Des morceaux rock ténébreux, piquants ou planants
Après avoir produit eux-mêmes El Pintor en 2014, ils ont décidé cette fois de faire appel à une oreille extérieure pour les guider : “On a enregistré avec Dave Fridmann dans son studio, situé loin de tout. On ne savait pas trop à quoi s’attendre parce que les albums qu’il a produits n’ont pas un son unique, mais une diversité impressionnante, de Mercury Rev aux Flaming Lips, en passant par Mogwai, Spoon, Tame Impala ou MGMT. Il nous a dit qu’il voulait garder ce côté live, cette âpreté qui rebondissait contre les murs, sans même qu’on lui dise que c’est ce dont on avait envie nous aussi.”

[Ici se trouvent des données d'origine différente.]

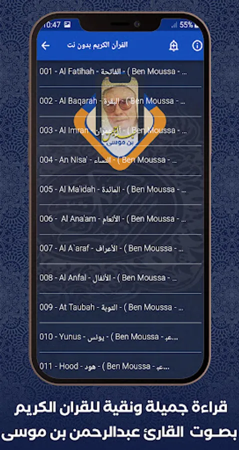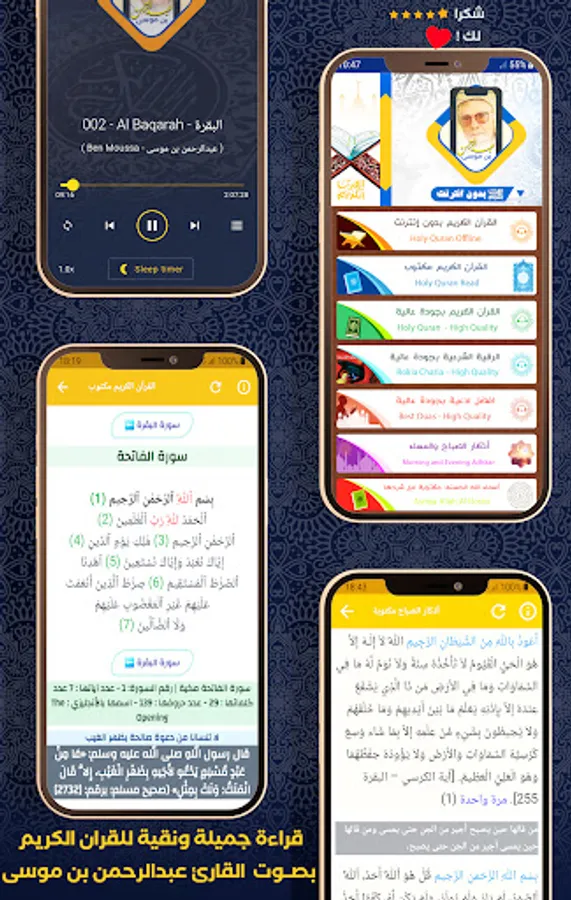⯈ You can use this application with ease and also read and listen to the surahs of the Noble Qur’an, enjoying the voice of the reciter Abderrahman Benmoussa, who is one of the most famous reciters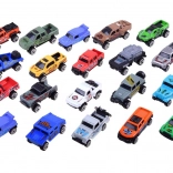 Veľká sada 20 kovových autíčok poteší malých zberateľov aj milovníkov pretekov. Modely majú kovovú karosériu na plastovom podvozku, zahŕňajú terénne autá a pick-upy s detailným spracovaním a pútavou grafikou. Každý model meria približne 7,5–8 cm na dĺžku.

On constate avec plaisir qu’Interpol ne cède pas aux modes digitales de l’époque et continue de signer, à l’encre noire, des morceaux rock ténébreux, piquants ou planants, enveloppés par la voix caverneuse de Paul Banks. Sans perdre leur mordant, ni leur élégance, les New-Yorkais subliment la violence latente du post-punk, tout en s’autorisant des moments plus contemplatifs et des éruptions débridées. Cette nouvelle maraude fascinante devrait atteindre son apogée en concert.